───── Material provided ─────

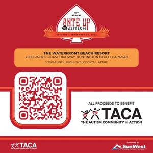 LOS ANGELES, Sept. 22, 2022 (GLOBE NEWSWIRE) — On Saturday, Sept. 24, from 5:30 p.m. till midnight The Autism Community in Action (TACA) shall be internet hosting its 16th Annual Ante Up Autism Fundraising Event at The Waterfront Beach Resort 21100 Pacific Coast Highway, Huntington Beach, CA 92648
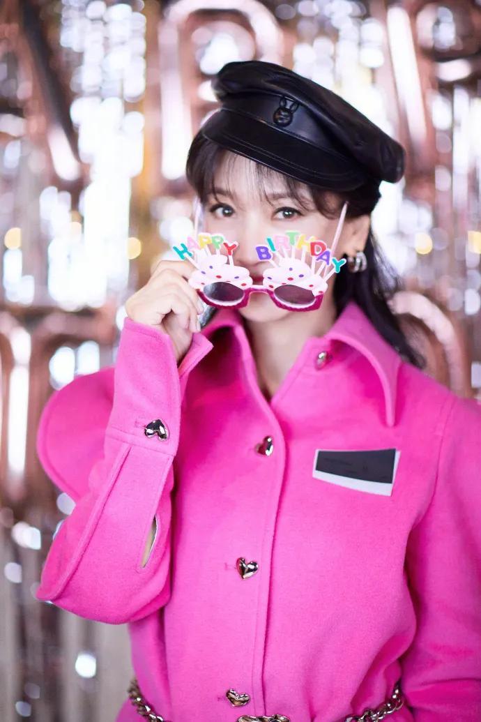 再看赵雅芝,她69岁生日照,一身粉色毛呢外套搭配一顶贝雷帽。
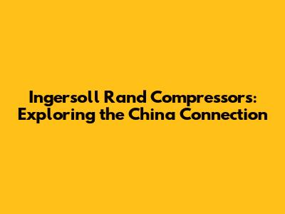 Ingersoll Rand Compressors: Exploring The China Connection
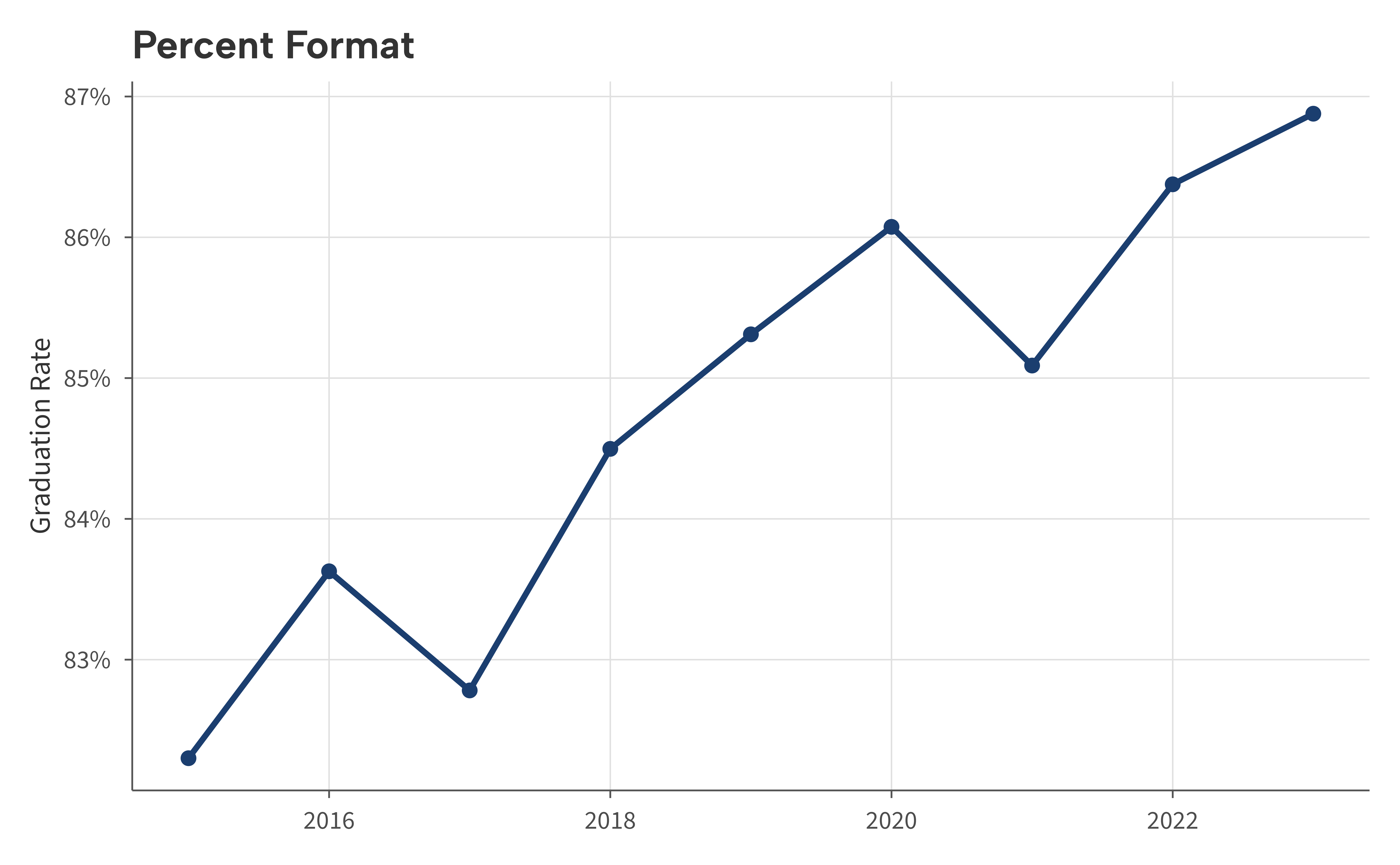 labs(title = "Percent Format", x = NULL, y = "Graduation Rate") +

─────

Output the data above without changes, apart from leaving out the pictures.

 LOS ANGELES, Sept. 22, 2022 (GLOBE NEWSWIRE) — On Saturday, Sept. 24, from 5:30 p.m. till midnight The Autism Community in Action (TACA) shall be internet hosting its 16th Annual Ante Up Autism Fundraising Event at The Waterfront Beach Resort 21100 Pacific Coast Highway, Huntington Beach, CA 92648
 再看赵雅芝,她69岁生日照,一身粉色毛呢外套搭配一顶贝雷帽。
 Ingersoll Rand Compressors: Exploring The China Connection
 labs(title = "Percent Format", x = NULL, y = "Graduation Rate") +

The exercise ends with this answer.